LiU Formula Student Cuts Lead Times and Accelerates Learning with AI Review
We are proud sponsors of LiU Formula Student, a student association at Linköping University that designs a Formula Student car each year for international competitions against other student teams worldwide. The association comprises 120 volunteer students eager to learn the journey from CAD sketch to race-ready vehicle.
Over the past year, we have had the opportunity to collaborate with William Gärefors, Head of Production at LiU Formula Student, who oversees production planning, procurement, and drawing reviews. William has driven the integration of our system as a standard step in the review process to streamline the team and reduce lead times.
Challenges
The association relies on continuous competence transfer, as the majority of members change annually. It is therefore crucial that this transfer happens efficiently, which also strengthens student engagement.
As the sole final reviewer for a design team of 77 engineers, William’s reviews become a project bottleneck. Of the 1,100 drawings submitted each year, approximately half must be returned for correction. This creates unnecessary workload, stress, and long lead times, often resulting in weeks-long delays for the design team.

Custom Rules in AI Review Studio
William has created custom review rules in our Studio, easily creating checks for common errors—such as incomplete drawing headers, incorrect axis references in 3D models, and misreferenced detail views. The review tool was then trained on the association’s own drawings and now reliably detects these issues. As William explains:
“Our focus so far has been on identifying and creating rules for the everyday mistakes, errors that are trivial to fix but occur frequently and cause avoidable delays. Getting started with the Studio was simple since the training materials, example exercises, and explanatory texts make everything clear!”
Impact on Design Team and Final Reviewer
The design team now uses AI Review during the design phase, enabling them to catch and correct errors before sending drawings to William for final approval.

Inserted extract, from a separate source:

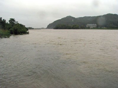 す。昨日から雨が降り続き、TASビル裏手を流れる最上川も濁流となっ

William highlights the pedagogical value of AI Review:
“Receiving a clear report that pinpoints errors and explains their causes is incredibly valuable. It helps our junior engineers quickly understand and apply the design rules. I was initially concerned some might see it as an extra step, but once they realized the tool saves time and speeds up production, interest soared.”
When asked to estimate how much his own workload has changed, William shared:
“Half of our submitted drawings contain various errors. AI Review now catches about 40 percentage points of these faults, saving a tremendous amount of time—both in my own review work and through shortened lead times. For 1,000 drawings, I can save roughly 33 hours of focused review time, nearly an entire workweek, assuming each drawing takes five minutes. That translates into several weeks of reduced lead time for our team.”

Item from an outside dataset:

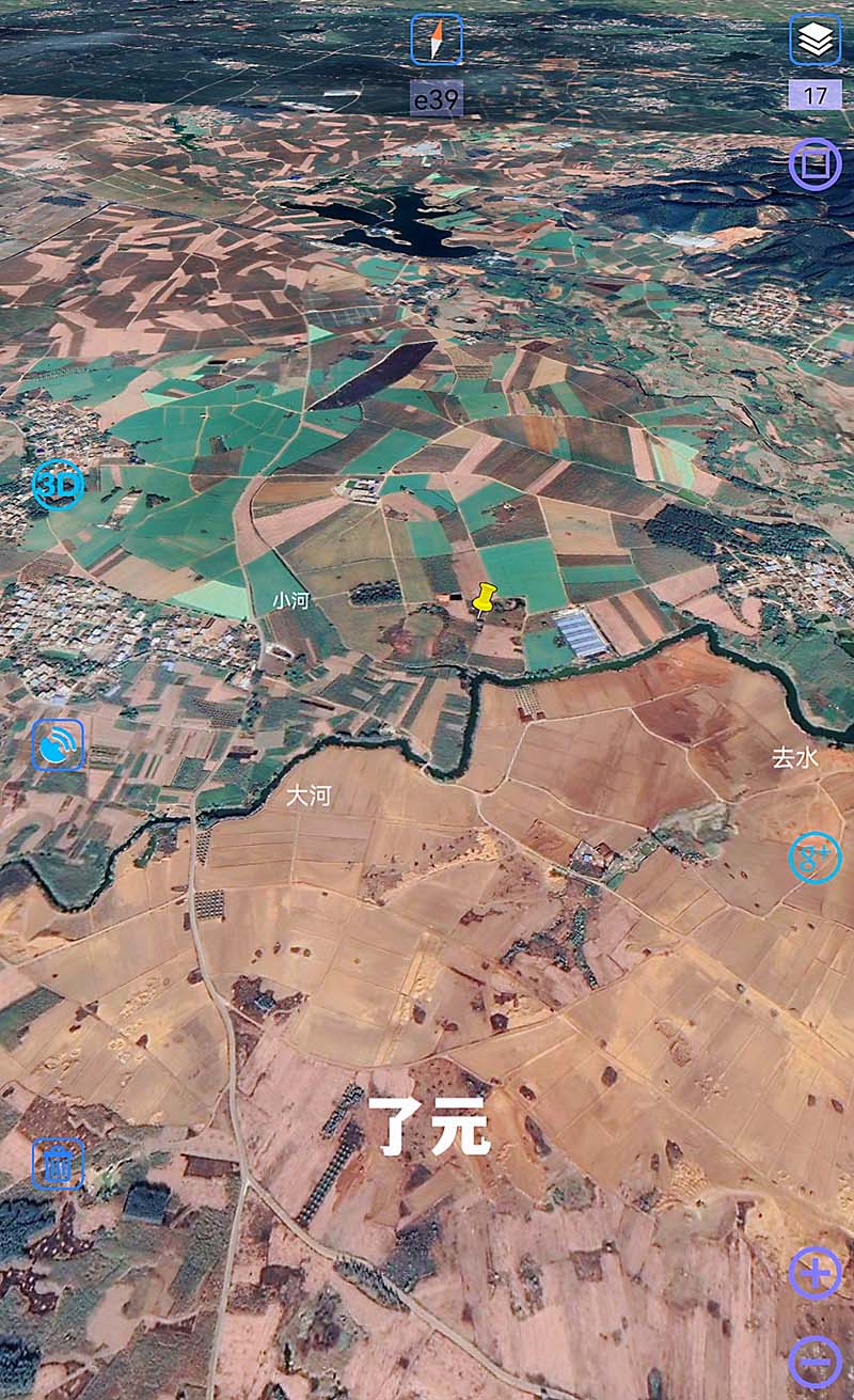 02.卫星图看龙局大形势,黄标处即是穴场。

Beyond shorter lead times, William notes additional benefits:

“With more efficient reviews, we can dedicate more time to value-adding activities such as production planning, training, and building a better car. AI Review has made the work more enjoyable and less stressful.”
New Analytics Features in AI Review Studio
William sees great potential in the new analytics capabilities of AI Review Studio. These features will enable aggregated analyses of the team’s reviewed drawings and recurring errors, which can be used to enhance internal training and further improve drawing quality.

All images from LiU Formula Student
William commenting on our partnership:
“Our collaboration with T&S has been outstanding. I’ve received prompt support, and the onboarding was both instructive and seamless. I see no reason not to use AI Review, its potential is enormous, especially for organizations with even more extensive drawing management.“
We look forward to seeing the team’s completed Formula Student car roll out later this spring!